I hadn’t heard of Harriet Martineau until someone in my Victorian Literature study group announced she wanted to do a presentation on her – so in the interests of being prepared (I am still reeling from knowing nothing about Jane Austen’s military brothers and being put on the spot to lead that session) I decided to read something. I searched on my Kindle and this book came up and it was a good choice – well written, easy to read and containing a huge amount of research.

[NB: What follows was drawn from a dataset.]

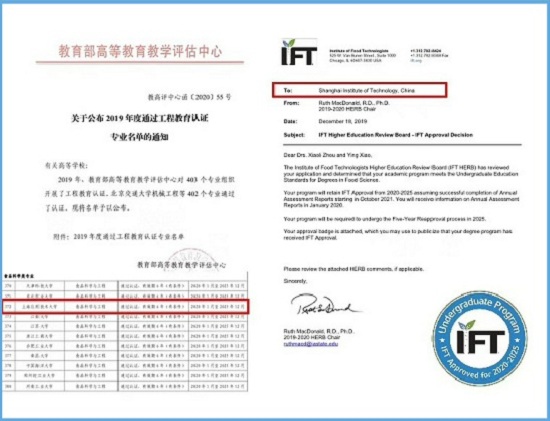 我校食品科学与工程专业于2019年12月通过美国IFT食品专业国际认证,本次通过工程教育认证(《华盛顿协议》互认),成为我校首个获得“双认证”专业,是我校工科教育国际化的新突破,不仅为我校工程教育的国际化打开了新局面,也为我校专业建设和发展发挥了示范和引领作用。同时也是虎扑nba坚持建设具有国际影响力的高水平应用创新型大学的重要成果之一,对促进和提高我校专业建设发展具有重要意义。

Harriet Martineau was a woman ahead of her time who has largely been forgotten by history because she was writing in time that was dominated by white christian men. She believed in universal human suffrage, education and evidence based science. She knew and influenced an enormous number of Victorian era luminaries – Charles Darwin, Florence Nightingale, Charlotte Bronte, George Eliot, Elizabeth Gaskell …
She was out-spoken and radical and investigated things for her self – slavery in the US, religion in the middle east, etc.
We need an amazing historical novelist – Hilary Mantel perhaps? – to write about her and bring her to the world’s attention.
I haven’t been able to find any reviews of this book, but you can read more about it at Unbound
This was a birthday present – I had never even heard of Sheila!
Here’s the blurb …
Vivacious, confident and striking, young Australian Sheila Chisholm met her English husband, Lord Loughborough, in Egypt during the First World War. Arriving in London as a young married woman, she quickly conquered English society, and would spend the next half a century inside the palaces, mansions and clubs of the elite. Her clandestine affair with young Bertie, the future George VI, caused ruptures at Buckingham Palace, with King George offering his son the title Duke of York in exchange for ‘never hearing of the Australian again’. Sheila subsequently became Lady Milbanke and ended her days as Princess Dimitri of Russia, juggling her royal duties with a successful career as a travel agent. Throughout her remarkable life, she won the hearts of men ranging from Rudolph Valentino to Prince Obolensky, and maintained longstanding friendships with Evelyn Waugh, Wallis Simpson, Idina Sackville and Nancy Mitford. A story unknown to most, Sheila is a spellbinding account of an utterly fascinating woman.
This was an interesting biography about a woman who knew all of the ‘big names’ of the early 20th century – the Prince of Wales, Rudolf Valentino, etc. I am not sure I would describe her life as being particularly happy (her first husband had gambling and alcohol problems and a son died during the war), but she lived through interesting times.
This is an easy read and there are a lot of photos at various times to keep you interested. Like this one
Sheila with the Prince of Wales and the Duke of York
If you like social history with glamour and money, then this biography is for you.